_Exercise details_
Copy each line of the records exactly, stopping only after the line that contains "Cartas de niños" has been written, and leave pictures out.
****************
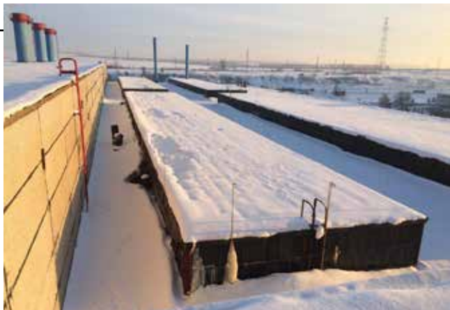
У каждой заводской крыши свой рельеф

Ежедневно на расчистке автодорог, площадок, пешеходных зон работает 20 машин, из них четыре — круглосуточно
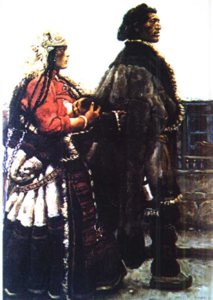
33.《进城》·写实主义作品·油画 陈丹青
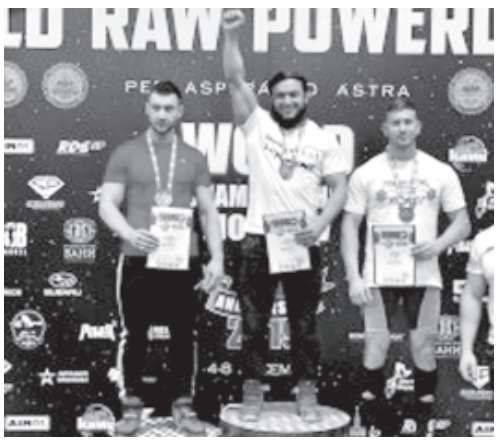
(вири санлай кьурла, 780 кг хжажна) жергеда гьатнава.
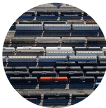
Kuljetus ja logistiikka
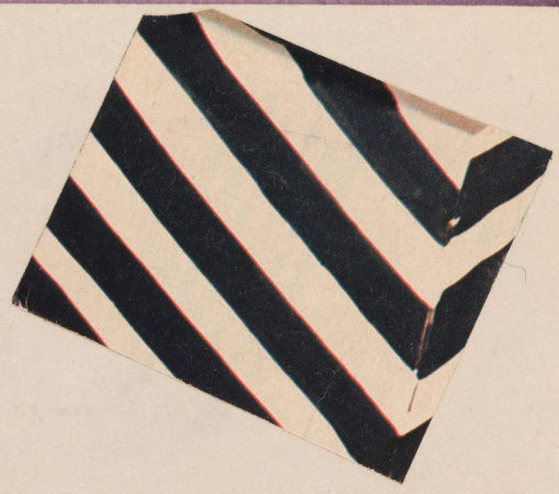
Fig. 1 na zielonym
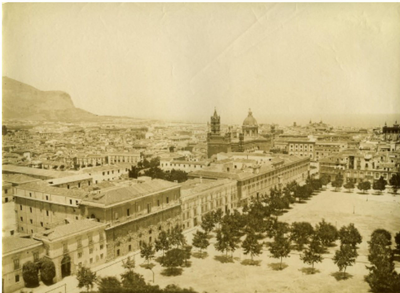
Palerme : panorama depuis la Porta Nuova (années 1880).
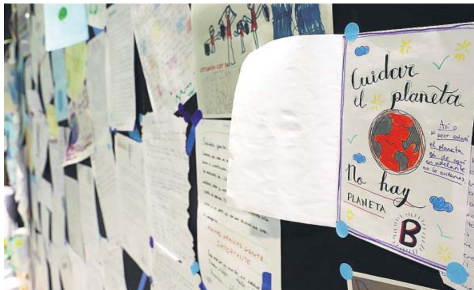
Cartas de niños dirigidas a los líderes de la COP25.

LOS ACTIVISTAS hablan de «fracaso» y de oportunidad perdida
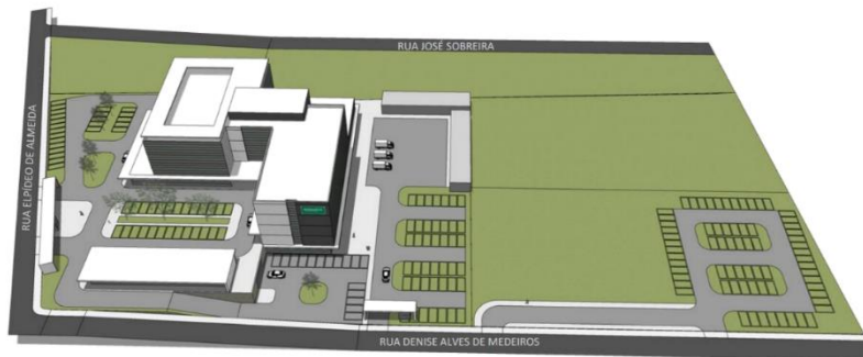
FASE 1 – HOSPITAL
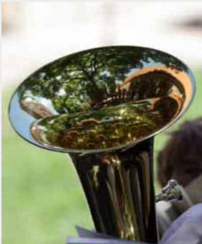
Sankt Petri im Spiegel einer Posaune

können im Kirchenbüro gebucht werden (Tel.: 33 13 38 33 und m. 23 29 50 01)
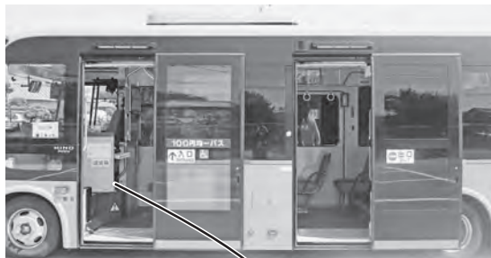
①前方入口ドアから乗車
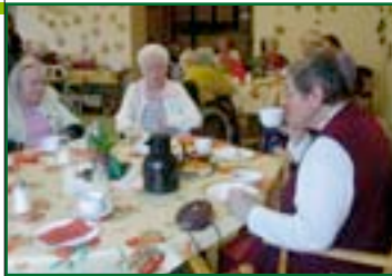
Immer wieder ein Spaß: das gemeinsame Geburtstagsfeiern.

Das Programm umfasst zum Beispiel evangelische und katholische Gottesdienste, den Einkaufsbummel in einer Boutique und bunte Nachmittage für gesellige Stunden.
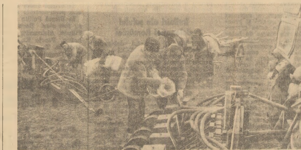
La cooperativa agricolă Movila Banului, precum și în alte unități agricole din județul Buzău, continuă în ritm intens semănatul sîmînței de zahăr (fotografia din stînga). Se construiesc o nouă capacitate de producție în cadrul întreprinderii „Steaua roșie” din Capitală (fotografia din dreapta)
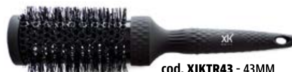
cod. XIKTR43 - 43MM
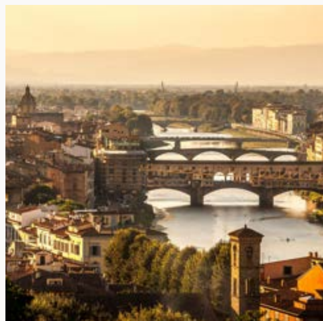
ITALIA TRAVEL INDUSTRY RICHIESTA PREVENTIVO
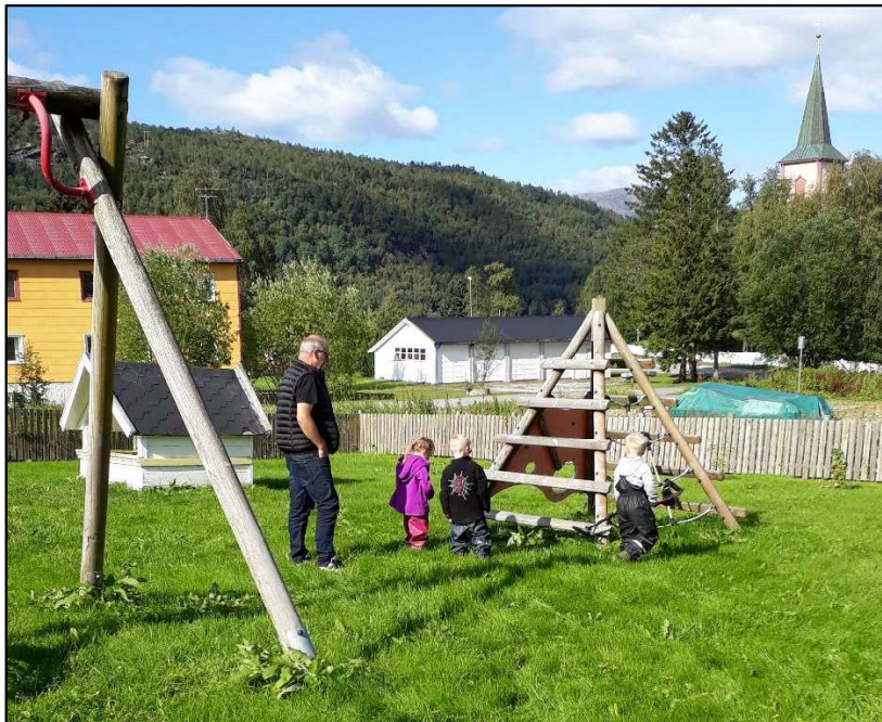
På jakt etter skjulte skatter i barnehagen.

I 2021 har vi gjennom Salten friluftsråd startet et samarbeid med barnehager og skoler fra Storuman i Sverige. Vi har hatt en felles samling på Storjord for å finne ut hvilke temaer vi ønsker å satse videre på. Veldig interessant med erfaringsutveksling, høre hvordan andre barnehager jobber både i forhold til kosthold, fysisk aktivitet, samisk perspektiv og barnehagens uteområde.
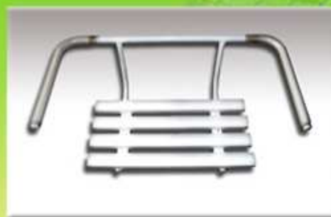
Sedačka do vany (s opěrkou)
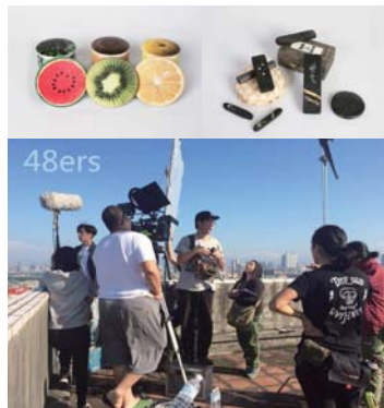
圖：104年度文創工作室成果

104年度文創工作室計畫精彩落幕，去年由書畫系-墨非墨工作坊、圖文系-Top Pix Arts創新影像工作室、音樂系-藝游未盡[跨領域視覺音樂工作室]、廣電系-魁星文創工作室及電影學系-48小組產出卓越的成果。上屆成果展示多樣性領域的作品，學生在與指導老師及業界人士的帶領之下不但增加了自我分析、團隊合作的能力也體驗不同的大學生活！
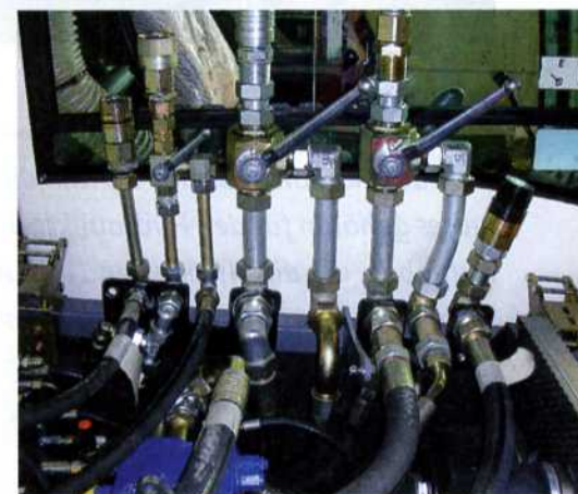
Die beiden autarken Hydraulik-Kreisläufe werden durch Kugelabsperrhähne sicher voneinander getrennt
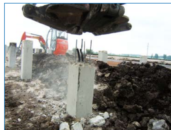
Paal zoals geheid en voorzien van warmtecirculatiepakket

Met behulp van een warmtepomp wordt in de winter warmte aan de circulatievloeistof onttrokken en op een hogere temperatuur gebracht, zodat die geschikt is om een gebouw te verwarmen. Het onttrekken van warmte uit de bodem betekent op zijn beurt weer dat er afkoeling van de bodem plaatsvindt. Er ontstaat dan een koudepotentieel wat in de zomerperiode voor koeling kan zorgen. De positieve eigenschappen van de twee tegenovergestelde seizoenen vullen elkaar op die manier uitstekend aan en overschotten worden toch volledig benut.
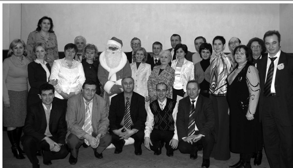
Revelion – 2009

Acest subiect, în vogă pe atunci, a fost mai târziu studiat multilateral, și în anul 1981, la Editura „Știința” a fost publicată lucrarea „ Activitatea artistică de amatori a populației din RSS Moldovenească ”. Ambele lucrări au văzut lumina tiparului sub redacția doctorului în științe istorice Vladimir Țaranov.
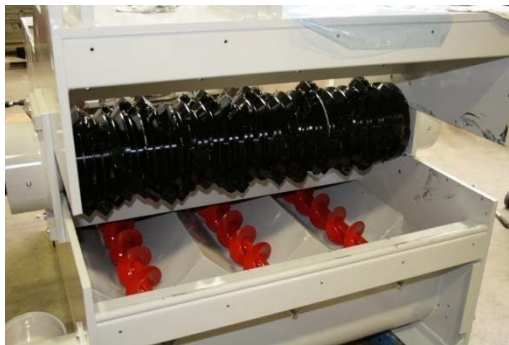
Schneidrotor mit Austragschnecken
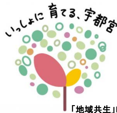
「地域共生」ロゴマーク
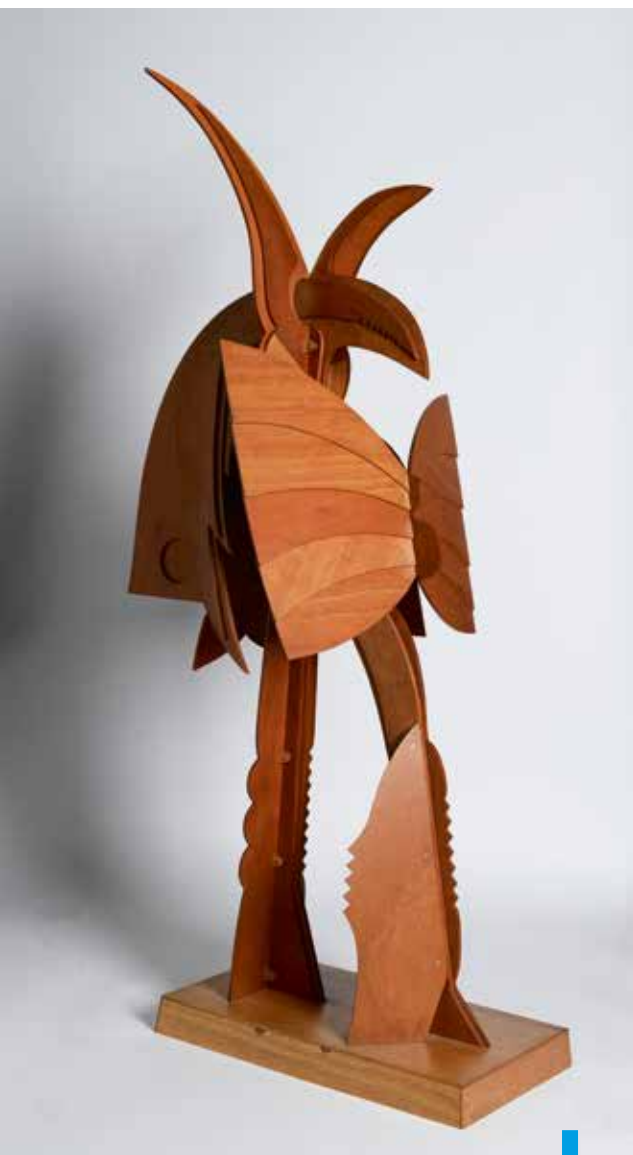
Shinkichi Tajiri, 'Ronin', 1999, multiplex (model), h. 128 cm, Shinkichi Tajiri Estate [V]

'Gimme Shelter', 30 mei t/m 20 september, Kunstfort Asperen: 'Brief aan mijn vijand'; Fort Nieuwersluis: 'Verborgene Krachten'; Kunstfort Vijfhuizen: 'Strijdtoneel'; wo t/m zo 11-17; toegang € 6,00 (per fort); catalogus € 6,00; gimme-shelter.nl • Kunstfort Asperen, Langendijk 60, Acquoy; kunstfortasperen.nl • Fort Nieuwersluis, Rijksstraatweg 7b, Nieuwersluis; fortnieuwersluis.nl • Kunstfort bij Vijfhuizen, Fortwachter 1, Vijfhuizen; kunstfort.nl
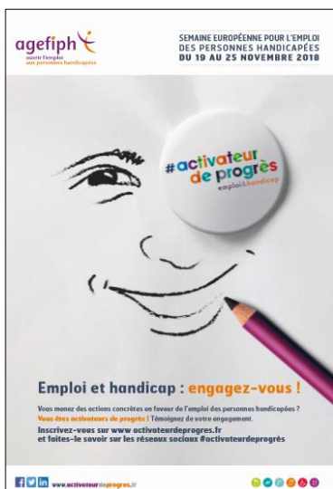
AFFICHE 1 « Engagez-vous »
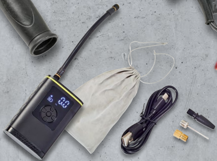
Kompresor Mini 1 kpl.
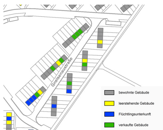
Leerstände / Verkäufe im Bereich Gneisenastraße Stand Oktober 2017
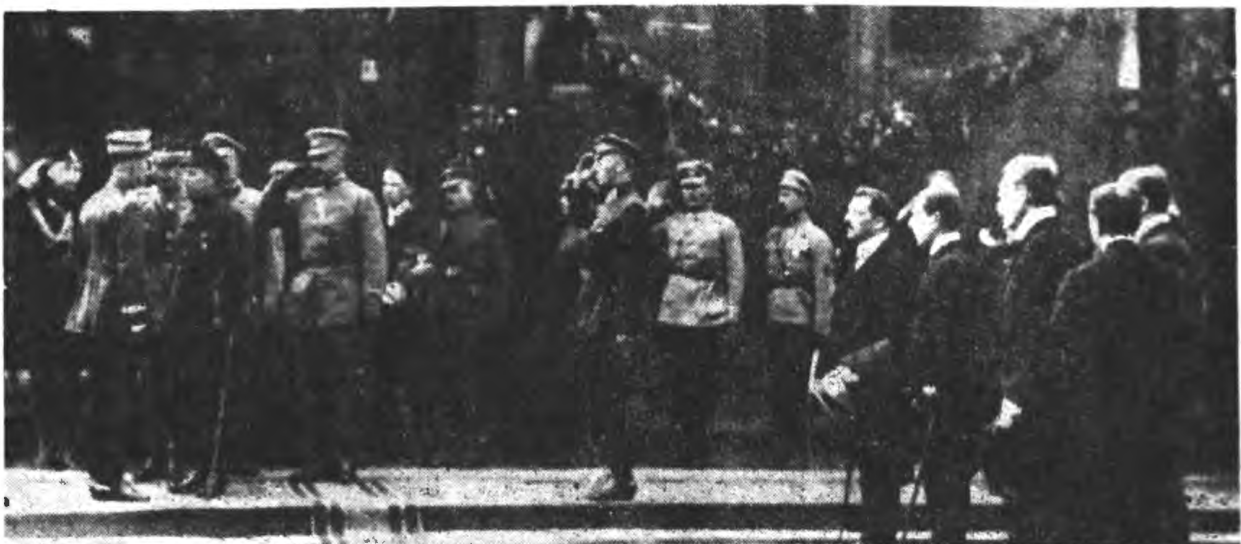
Остання спроба відновити українську державність (гол. отаман С. Петлюра відбирає рапорт від пол. ген. Ридза-Сміглого на київській двірці в травні 1920 р.).
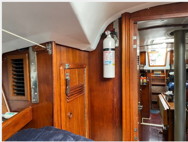
45 V Berth Aft
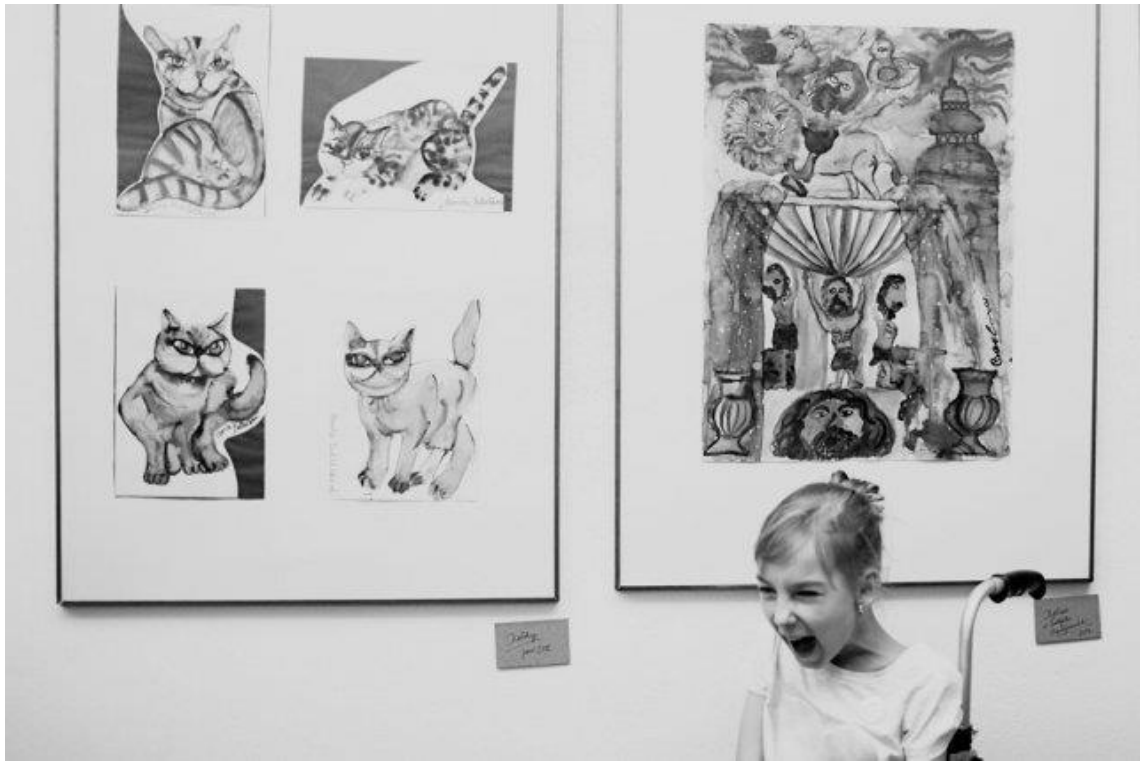
Příloha VII. Sladovna
****************
_Reply_
У каждой заводской крыши свой рельеф

Ежедневно на расчистке автодорог, площадок, пешеходных зон работает 20 машин, из них четыре — круглосуточно
33.《进城》·写实主义作品·油画 陈丹青
(вири санлай кьурла, 780 кг хжажна) жергеда гьатнава.
Kuljetus ja logistiikka
Fig. 1 na zielonym
Palerme : panorama depuis la Porta Nuova (années 1880).
Cartas de niños dirigidas a los líderes de la COP25.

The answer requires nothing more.